- Dataset entries -
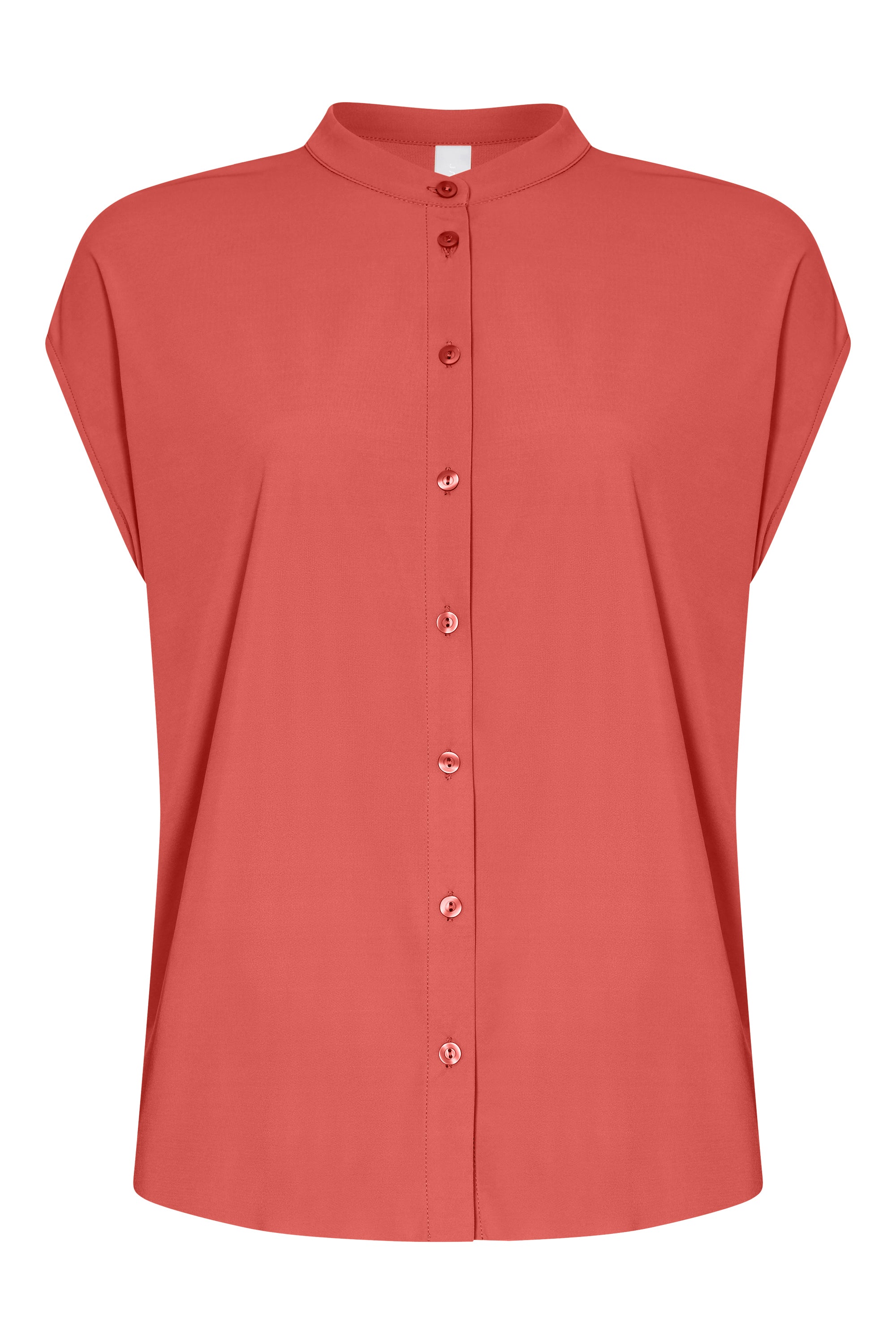 The Tokiko blouse is designed for comfort and style, making it a perfect choice for warm days. Made from light travel jersey, this fabric offers a breathable and airy fit while maintaining a polished look. With short sleeves and a standing collar, this blouse adds a modern touch to any outfit. Wear it with tailored pants for an effortless office look or pair it with casual trousers for a relaxed feel.
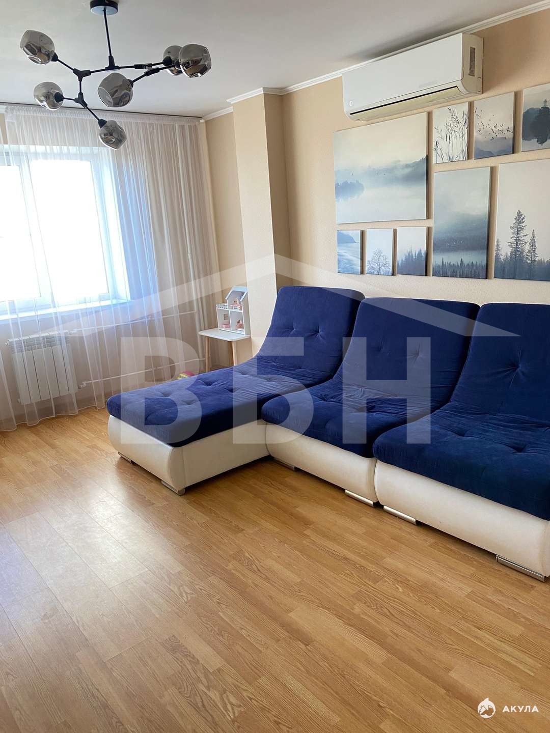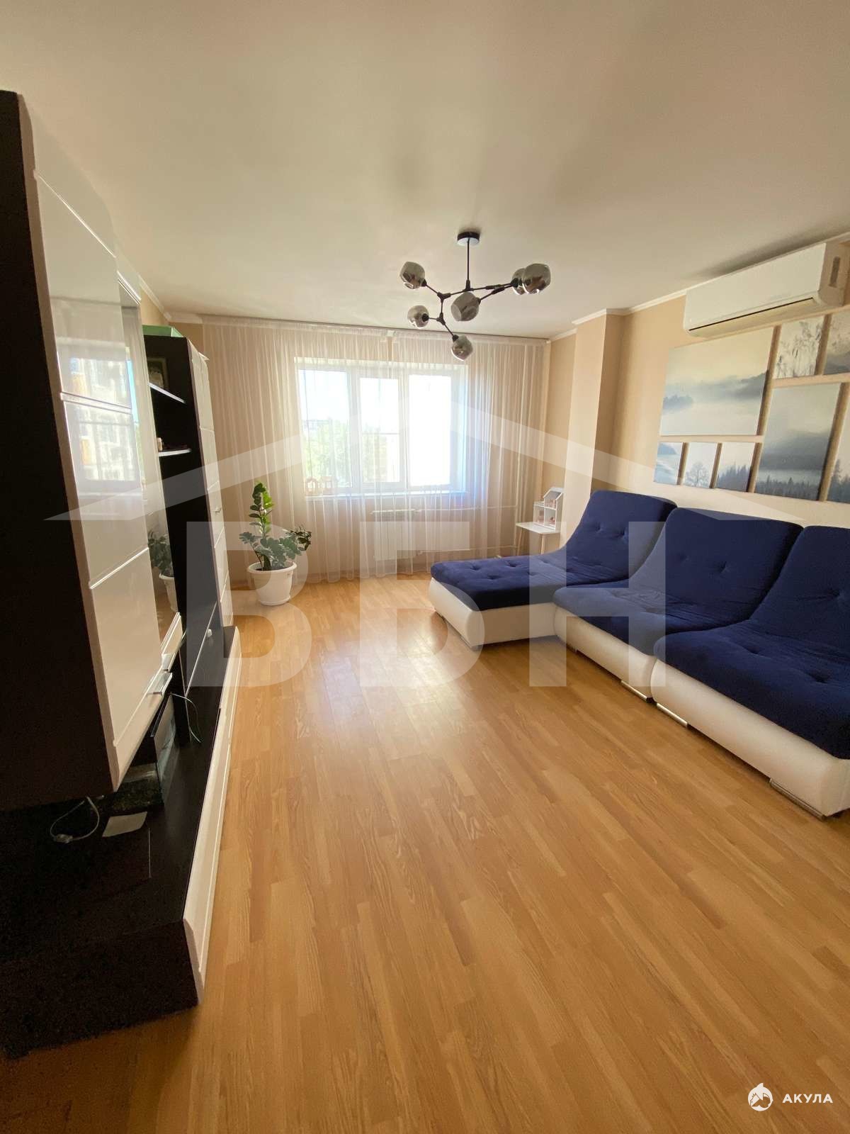 Простор 84 квадратных метра: 3 светлые комнаты с кондиционерами, большая кухня, уютный застеклённый балкон.
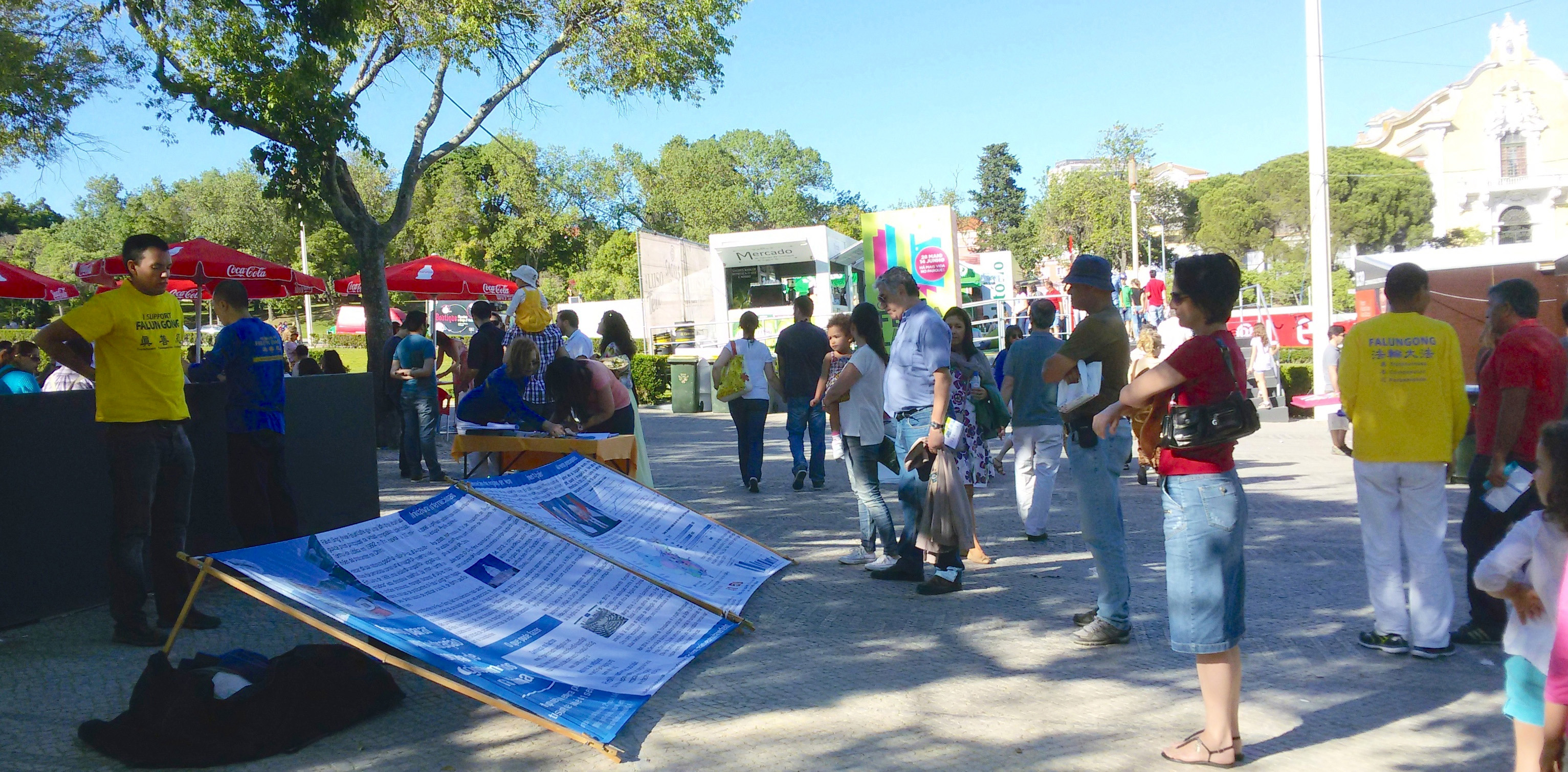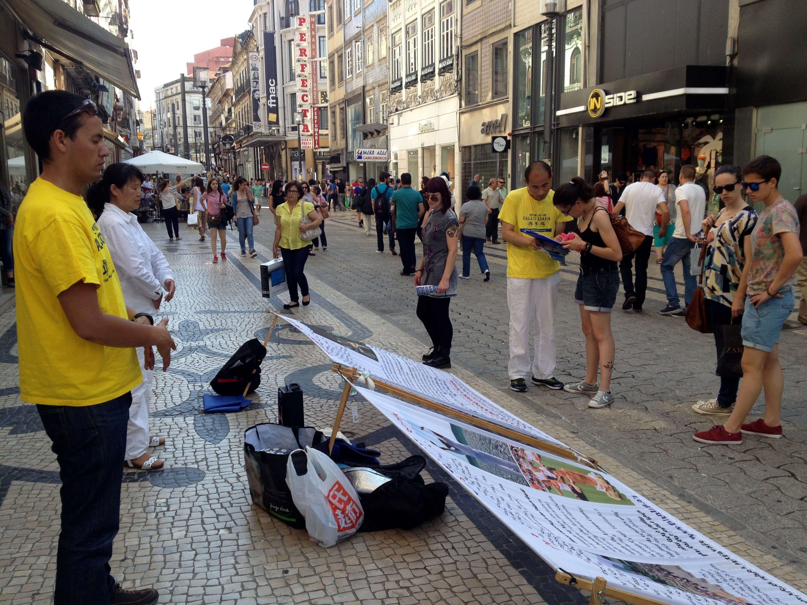 【明慧网二零一五年六月十四日】二零一五年五月至六月期间,葡萄牙法轮功学员利用周末节假日弘扬大法,讲真相,揭露中共强行活摘法轮功学员器官,征签反迫害反活摘。
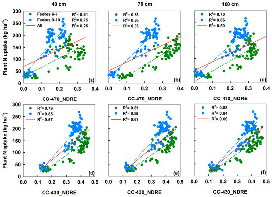 Relationships between plant N uptake and the normalized difference red edge index (NDRE) of Crop Circle ACS-470 (CC-470_NDRE) measured at 40 cm (a), 70 cm (b) and 100 cm (c) above the winter wheat canopy; and the relationships between plant N uptake and the NDRE of Crop Circle ACS-430 (CC-430_NDRE) measured at 40 cm (d), 70 cm (e) and 100 cm (f) above the canopy of the winter wheat, at the Feekes 6–7 growth stages (before canopy closure), Feekes 9–10 growth stages (after canopy closure), and across all stages. The red lines indicate the relationships between vegetation indices at different measurement heights and N status indicators across growth stages.
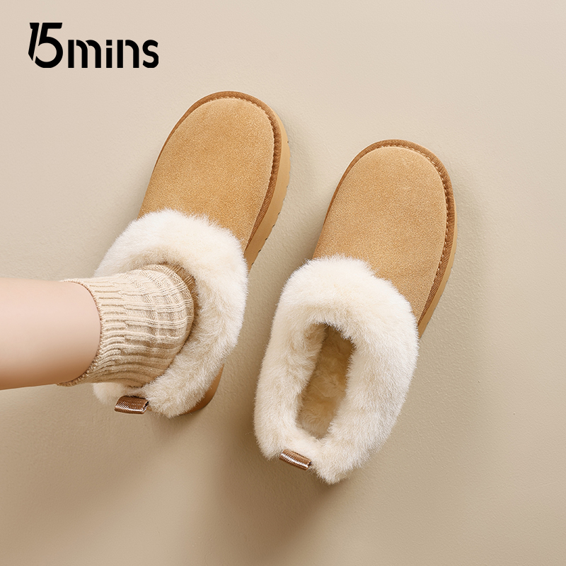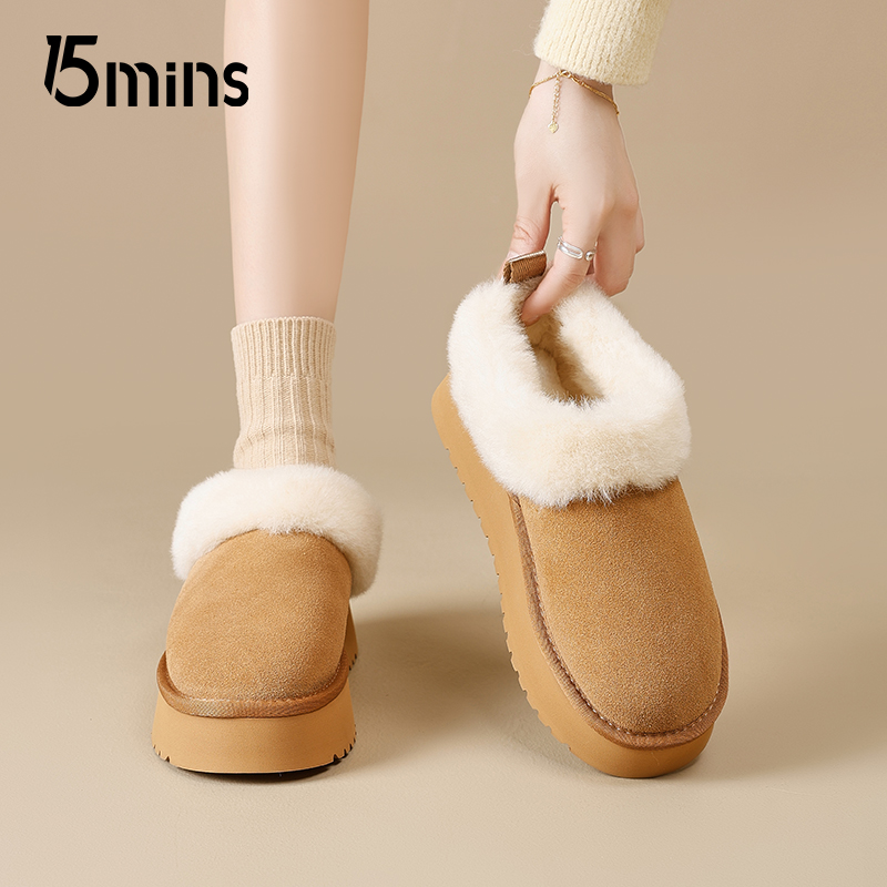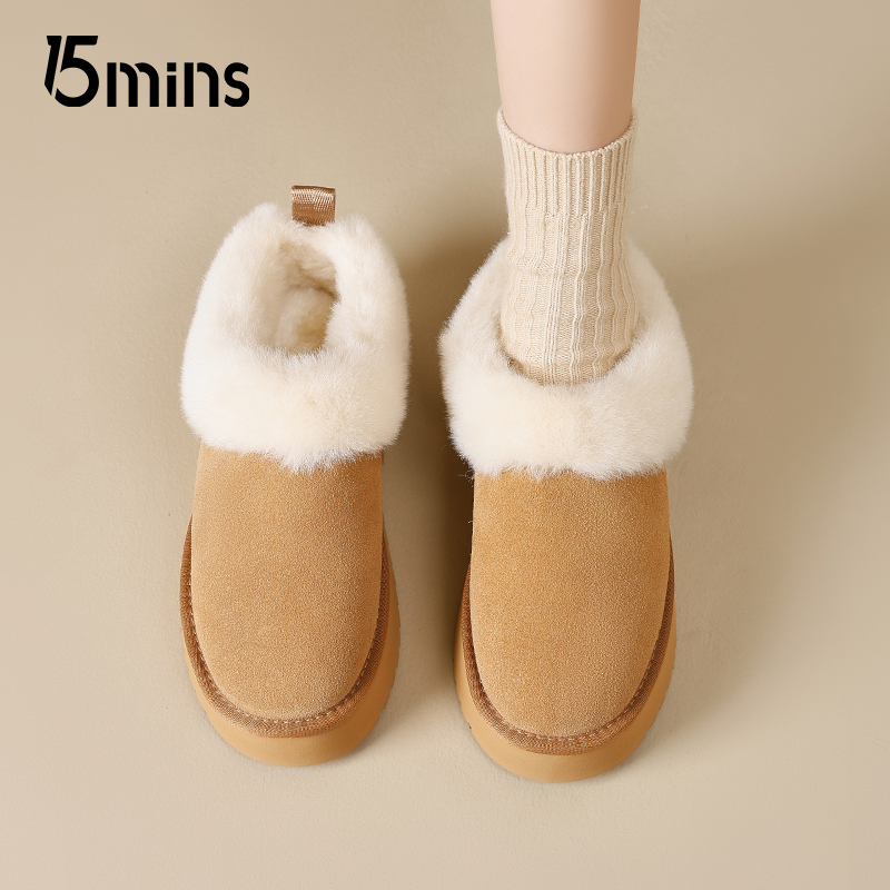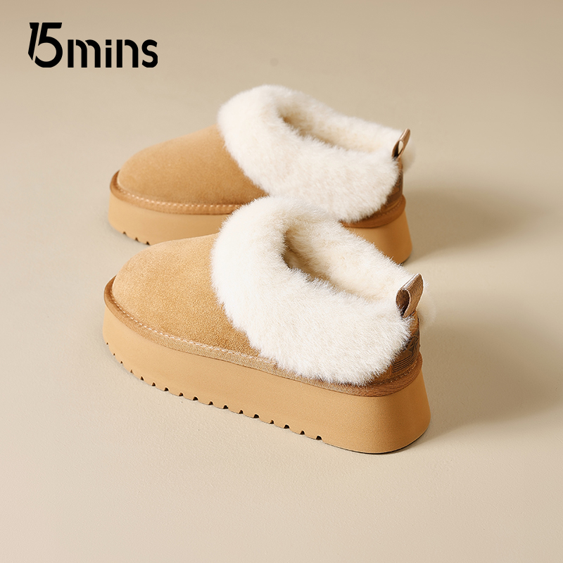 外穿防滑棉鞋 厚底加绒保暖面包鞋 2025新款 15mins毛绒雪地靴女冬季
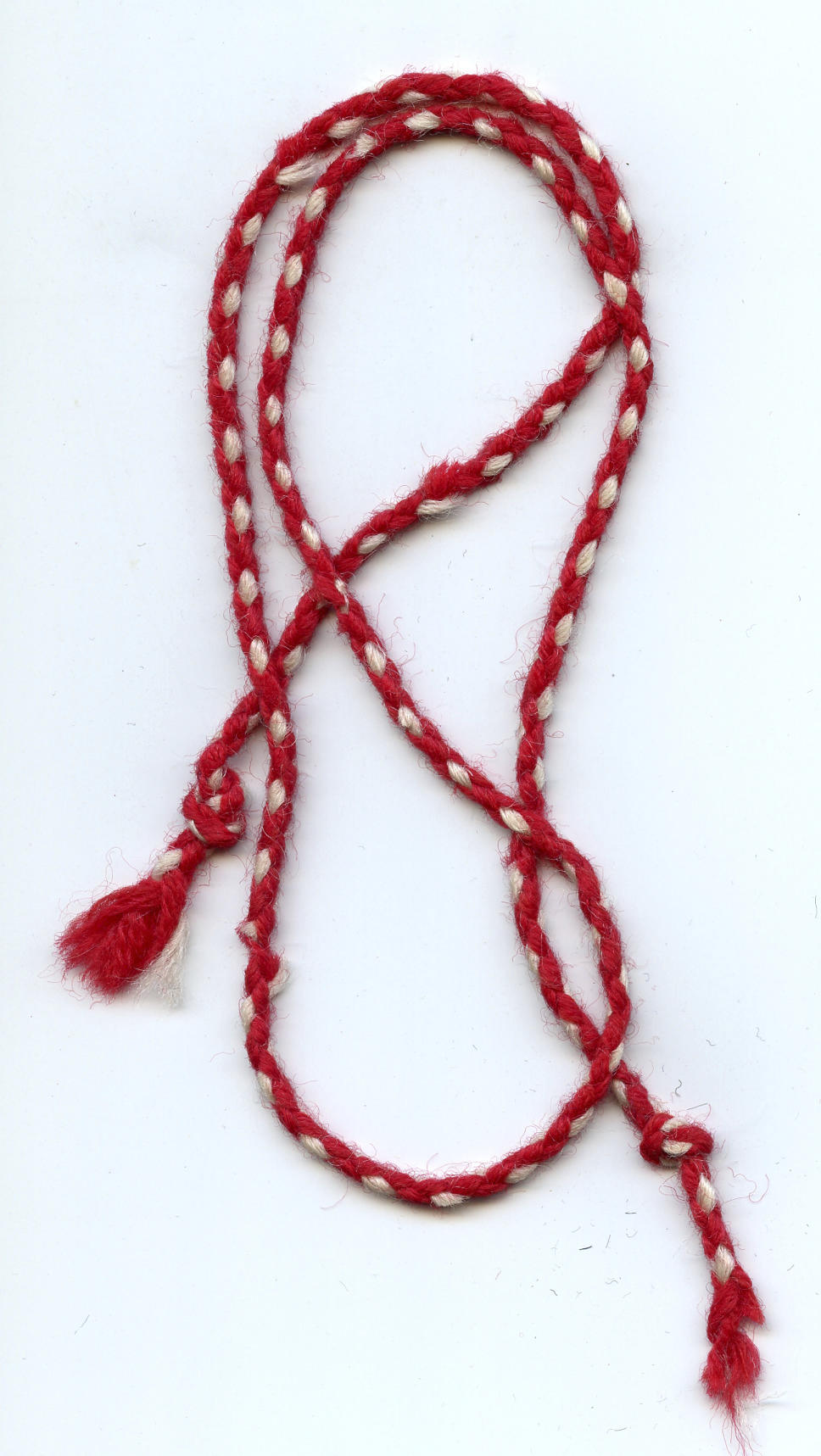 Stukje gevlochten wollen koord. Dergelijk koord werd op Urk gebruikt als afwerking aan de gekleurde onderrok. Het koord bestaat uit drie rode draden en een witte draad.
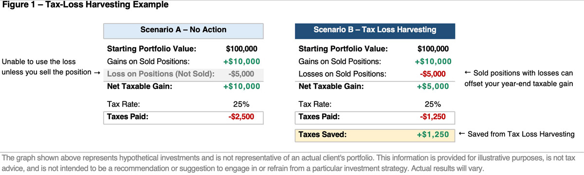 In a perfect world, investors would only see gains when checking their accounts. But in the real world, the stock market can be volatile and doesn’t always trade on a straight upward trajectory. No one wants their investments to decline, but when the market does trade lower, it’s possible to convert those losses into valuable tax assets. This process is called tax-loss harvesting and involves selling underperforming investments to create capital losses, which can offset current-year taxes or be carried forward. This process typically occurs at year-end when investors review their annual portfolio performance and the potential tax implications.

- The problem -
Beginning with the line holding "Relationships between plant N uptake and the normalized" in the material above, restate word for word each line through the line holding "外穿防滑棉鞋 厚底加绒保暖面包鞋 2025新款 15mins毛绒雪地靴女冬季", and exclude pictures.

- Exercise output -
 Relationships between plant N uptake and the normalized difference red edge index (NDRE) of Crop Circle ACS-470 (CC-470_NDRE) measured at 40 cm (a), 70 cm (b) and 100 cm (c) above the winter wheat canopy; and the relationships between plant N uptake and the NDRE of Crop Circle ACS-430 (CC-430_NDRE) measured at 40 cm (d), 70 cm (e) and 100 cm (f) above the canopy of the winter wheat, at the Feekes 6–7 growth stages (before canopy closure), Feekes 9–10 growth stages (after canopy closure), and across all stages. The red lines indicate the relationships between vegetation indices at different measurement heights and N status indicators across growth stages.
 外穿防滑棉鞋 厚底加绒保暖面包鞋 2025新款 15mins毛绒雪地靴女冬季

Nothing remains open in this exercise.